Three of the four most common primary brain tumors are gliomas, meningiomas, and pituitary tumors4. Gliomas are malignant tumors, and because of their aggressive nature, early detection is a critical component of reducing mortality5.By contrast, meningiomas are typically benign tumors that develop in the membrane that surrounds the brain and spinal cord. Finally, pituitary tumors are lumps that grow on the pituitary gland. Like meningiomas, pituitary tumors are typically benign; however, they can cause other medical issues due to their location, including issues with hormone production. Figure 1 below shows the frequency of each tumor class in adult patients.
Because of the physiological changes that brain tumors cause, they can be identified with imaging technologies like magnetic resonance imaging (MRI), computerized tomography (CT), and positron emission tomography (PET)7. MRI is the most commonly used technology for imaging because it is non-invasive and provides the most detailed information about the size, shape, position, and type of tumors7. However, according to the Radiological Society of North America, human analysis of MRI images is a laborious process that provides ample opportunity for error8. Also, in addition to medical imaging, patients often undergo a surgical biopsy to classify their tumor, which is an invasive and inherently risky procedure.
Due to the potential for erroneous human analysis of MRIs and the risks of obtaining a biopsy analysis of brain tumors, automated image classification algorithms play an integral role in assisting physicians with less time-consuming, more accurate brain tumor diagnoses. In a 2015 study by Cheng et al., the researchers were able to automate the classification of gliomas, meningiomas, and pituitary tumors with an accuracy of 91.28% by augmenting the tumor regions of interest using image dilation9. However, new technologies such as the Convolutional Neural Network (CNN) have proven to be even more successful. For example, a 2021 study by Francisco et al. achieved a classification accuracy of 97.3% by using a multi-pathway CNN10. Furthermore, CNNs require less image preprocessing than other algorithms, allowing for greater efficiency and applicability to more fields11.

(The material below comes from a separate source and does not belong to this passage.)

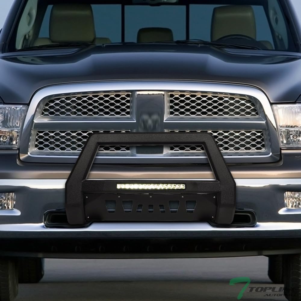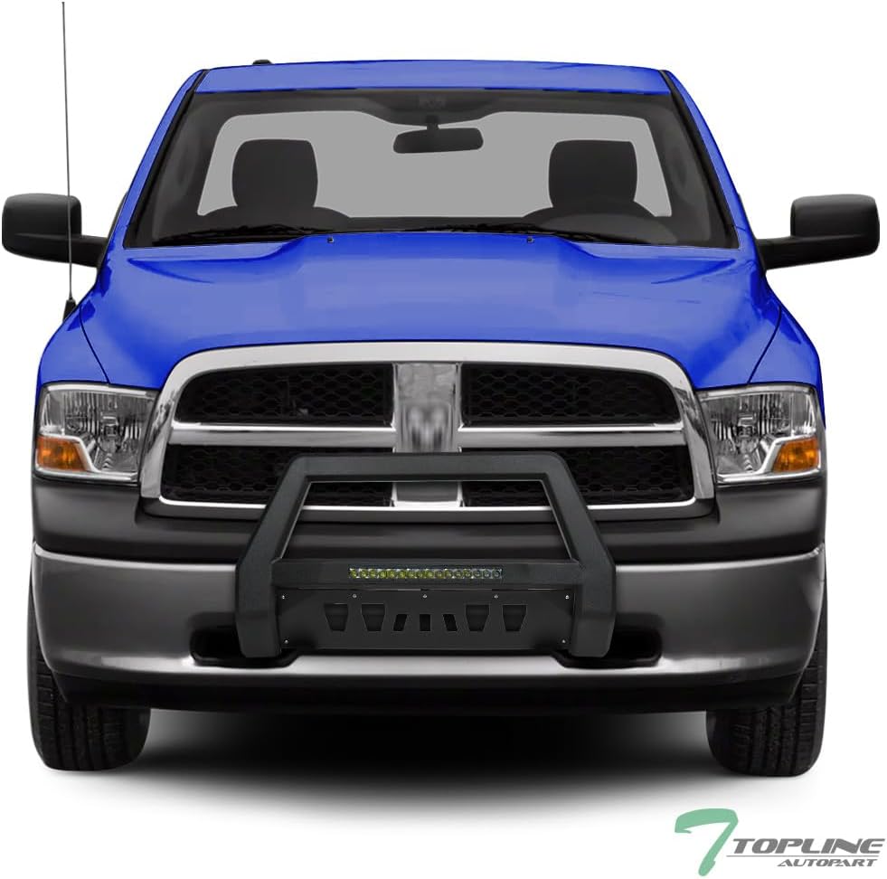 واقي قضيب الثور LED خفيف الوزن باللون الأسود مع لوحة انزلاقية متوافق مع 2009-2018 دودج رام 1500/2019-2024 كلاسيك

Despite their apparent benefits, Convolutional Neural Networks are limited in their abilities based on the size of the dataset used for training. This poses a problem for medical classification tasks because medical imaging datasets are often small due to rigorous standards for the acquisition of data. This issue presents the need for data augmentation in medical machine learning tasks to improve the accuracy and efficiency of CNN models.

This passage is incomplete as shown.